* _Work order_
An exact reproduction of all the data is needed, with no images in it.

-- Input data follows --

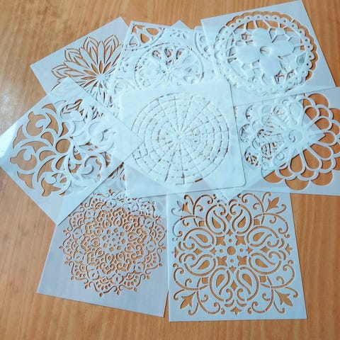 Selger fine sjablonger til maling og dekorasjon som er laget på en design salong.
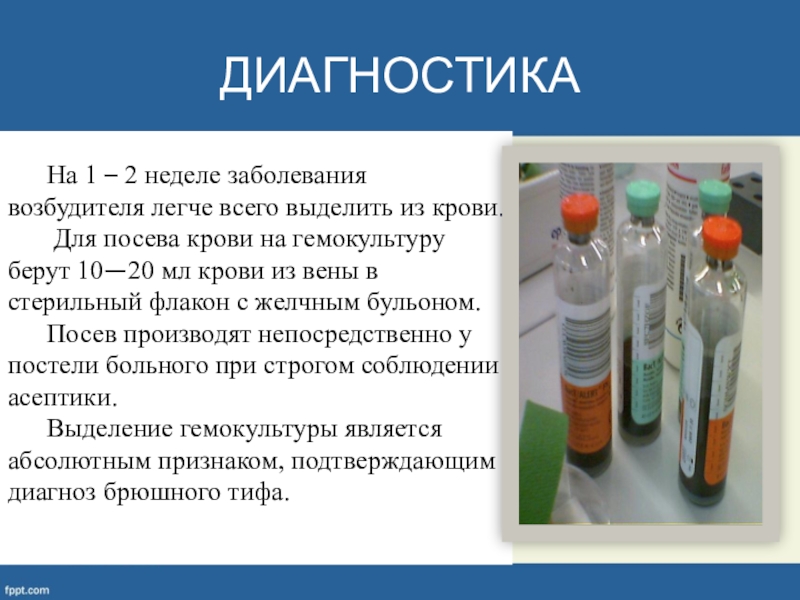 Выделение гемокультуры является абсолютным признаком, подтверждающим диагноз брюшного тифа.
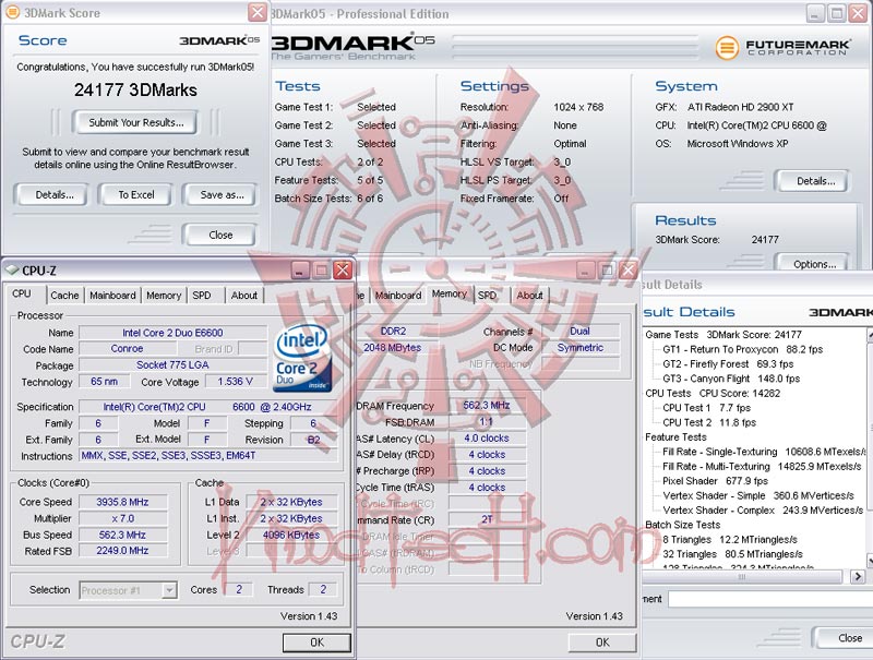 สำหรับ3DMark05 ก็ยังเทสต์ผ่านหมดทุกหัวข้อยันCPUTest ที่ว่าหินๆสำหรับCPU C2D เหมือนกันครับ

-- Input data concluded --

* _Written solution_
 Selger fine sjablonger til maling og dekorasjon som er laget på en design salong.
 Выделение гемокультуры является абсолютным признаком, подтверждающим диагноз брюшного тифа.
 สำหรับ3DMark05 ก็ยังเทสต์ผ่านหมดทุกหัวข้อยันCPUTest ที่ว่าหินๆสำหรับCPU C2D เหมือนกันครับ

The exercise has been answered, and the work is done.